Guess it kinda makes sense a little more.... I always wanted to have pictures taken with one of my girlfriends.... no one ever would.... and it's a fight with tiff.... im just ugly and no one wants an ongoing remembrance of me... probably why there is only one pic of me in tiff's room and tons of jim... not because jim means more but because he is more attractive than me.... is that good or bad? I dunno.... but really... im ugly and the sooner i just accept the fact that I am and that no girl will ever be attracted to me, the better.
1 comment:
Bob, I'm saying this because in all honesty I think you need to hear the truth from someone who is willing to be honest to you.

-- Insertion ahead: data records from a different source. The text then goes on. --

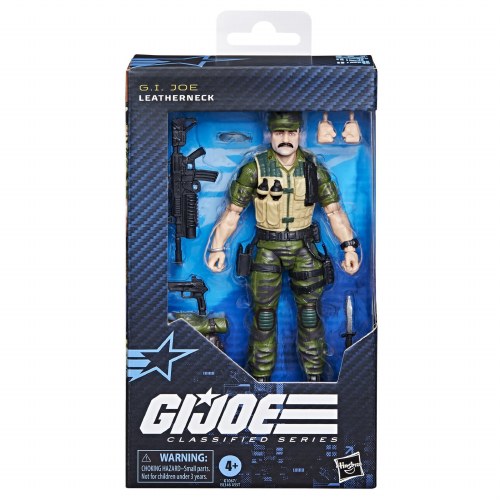 New to the G.I. Joe Classified Series line, Leatherneck comes ready for adventure, with multiple points of articulation for high poseability. This Leatherneck figure contains 8 character-inspired accessory pieces including sunglasses, alternate fist hands, knife, rucksack, and weapon accessories as well as his removable utility cover. Wendell Metzger was the hardest gunny that ever slogged through the mud of base camp, a true leatherneck worthy of the name. Leatherneck is uncouth, opinionated, and overbearing. And he has no patience at all with the indecisive, the lazy, and the dishonest. Not a man you can like, but one you can trust.
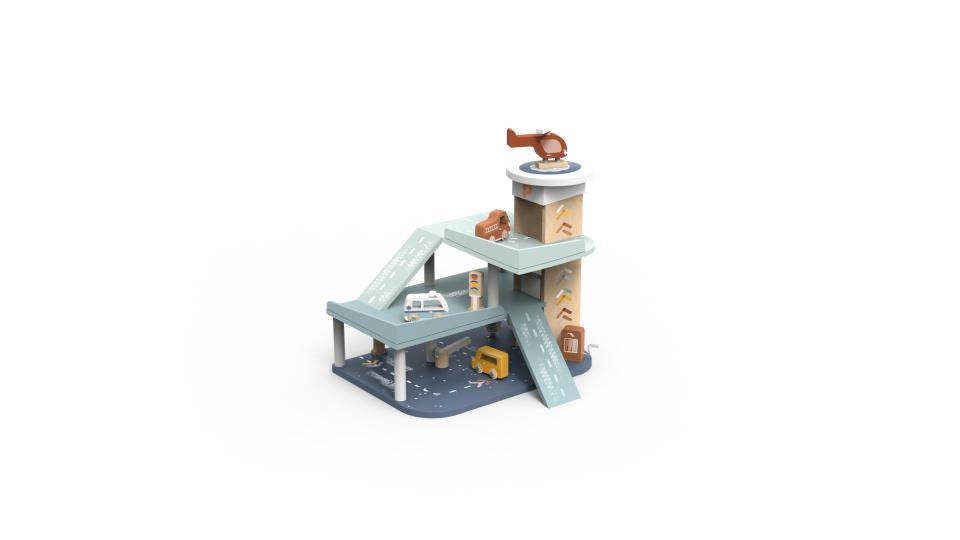 מוסך צבעוני הכולל תחנת דל,מעלית, מסלול ירידה, מסוק, מכונית ועוד-
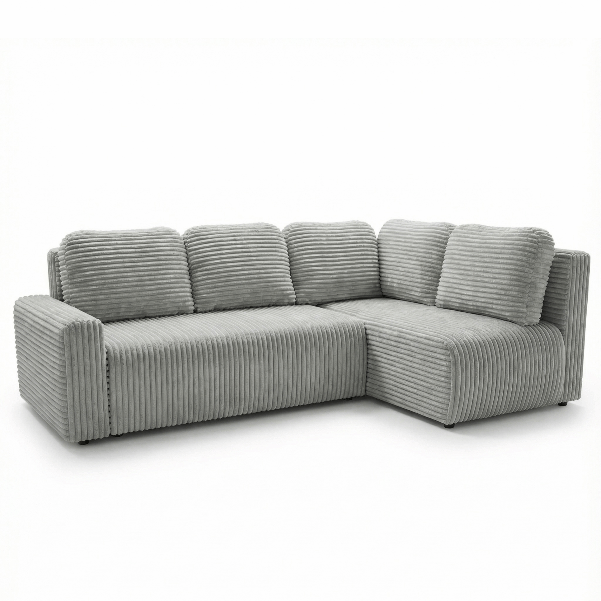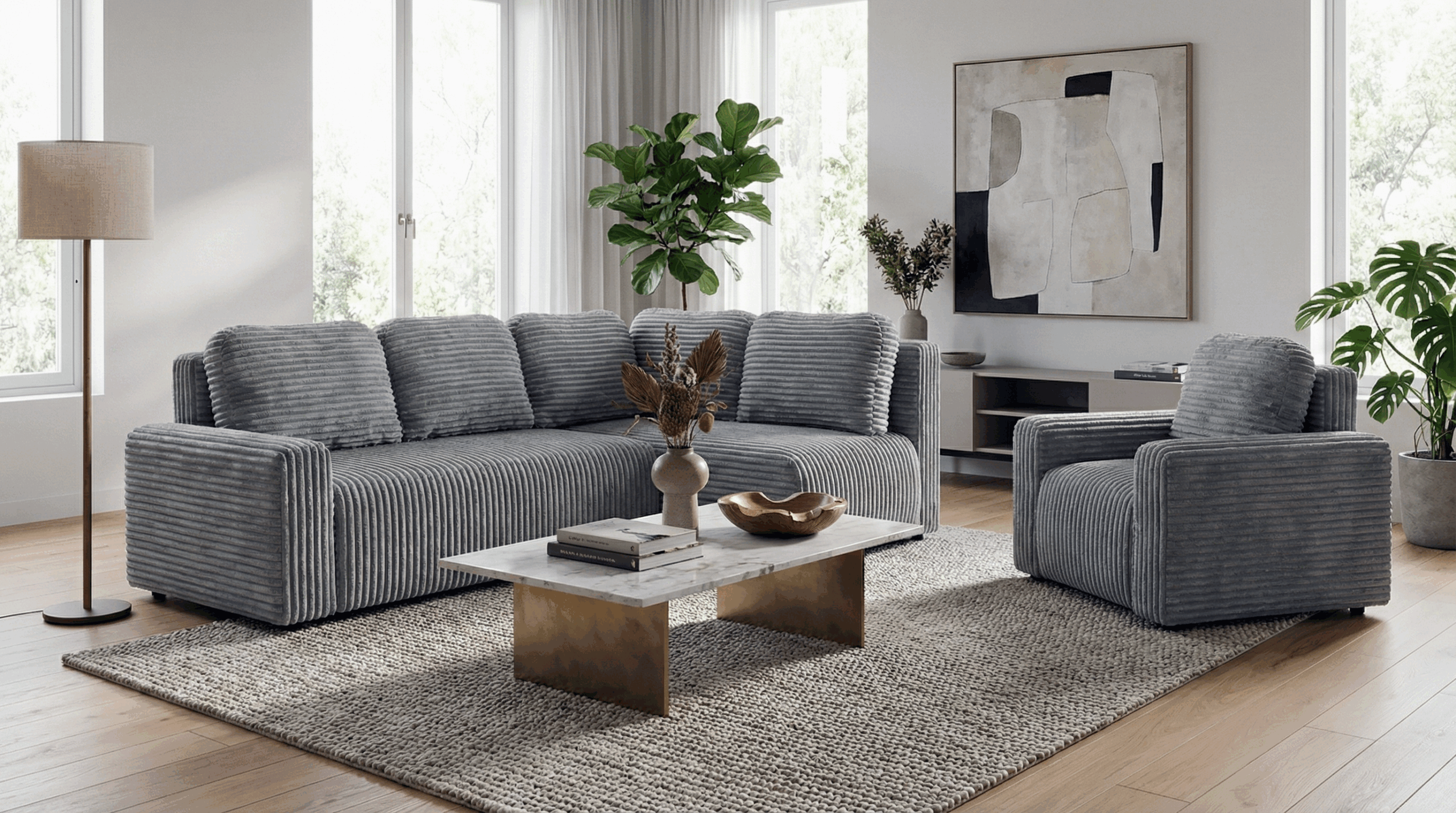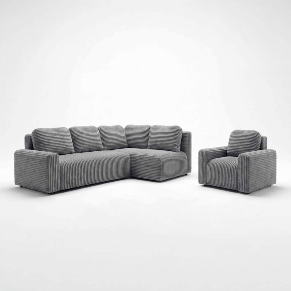 Całość obita jest przyjemną w dotyku tkaniną sztruksową, której wyrazista struktura nadaje meblom charakterystyczny, nowoczesny wygląd oraz podkreśla ich przytulny charakter. Prosta, geometryczna bryła zestawu sprawia, że łatwo dopasować go do różnych stylów wnętrzarskich.
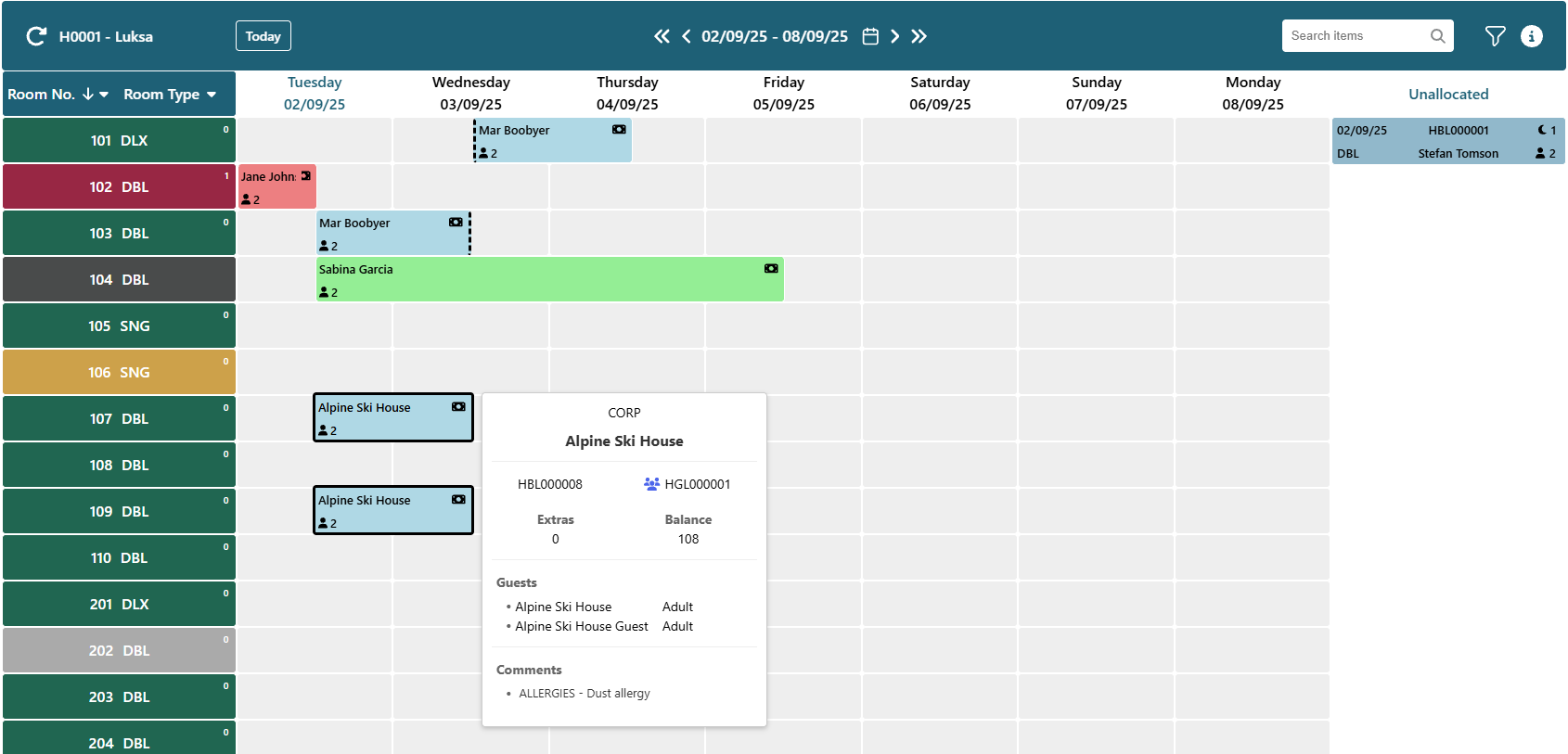 | The column on the far right | The column on the far right shows unallocated rooms. This column is not visible, unless there are reservations that have not been allocated but have arrivals on the visible dates. There are three ways to allocate a reservation to a room. You can right-click the reservation to open a context menu and select either Auto Allocate or Assign Room. If you choose Assign Room, a modal will appear allowing you to select a room. The third option is to drag and drop the reservation to the desired date and room type. If you drop the reservation on a different date or room type, a pop-up window appears where you can confirm changes in the room type and price. |
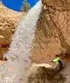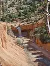 The next day, we did a few trails on the bottom of the canyon near the back entrance of the park (Not too far from Tropic, UT). There's a small parking lot that leads to the trails that run along a stream with wooden bridges crossing over the streams. The trails a quite steep as you head uphill. So we definitely joined the "Out of breath" hiker's club. There was a beautiful water fall that was not too strong. There is enough room to walk under it and grab a drink of that ice cold canyon stream water. I even filled my water bottle. The water tasted and would be a welcome relief in warmer weather, It was in the 50 degree range that day.
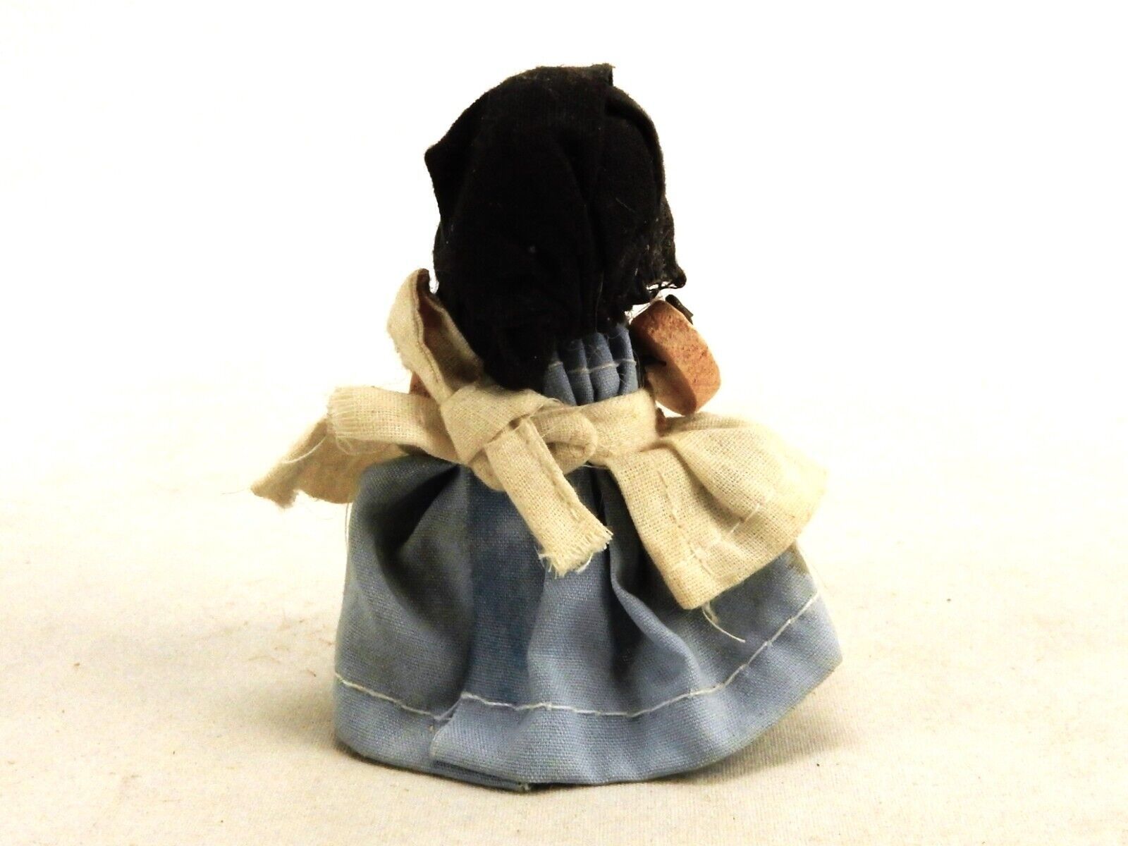Girl doll figure measures 2 3/4" tall x 1 1/2" wide x 1" front to back. She is a wooden block girl blue dress, black bonnet and abstract face. Her crescent cutout arms are pinned and move up and down. Her wood block legs are also pinned and move back and forth. Her clothing is in good condition but does need cleaned.

I look at your picture in your blog and I don't see this ugliness that you talk about. As a friend, and not in a perverted way, I see a very attractive man in that picture. A man with a good heart and the kindness and love of Christ. I totally understand how you feel when you say you look at yourself in the mirror and what you see is ugliness because I do the exact same thing. I doubt so much that I will ever find someone because I'm not attractive, but in reality I have several girls that flirt with me and that tells me that I am attractive enough for someone to want to be with me. I know you love tiff, but it's a one way relationship if she can't make her mind up on what she wants and until she can she is just going to break your heart bro. I have something else to say, but I'll e-mail you about it.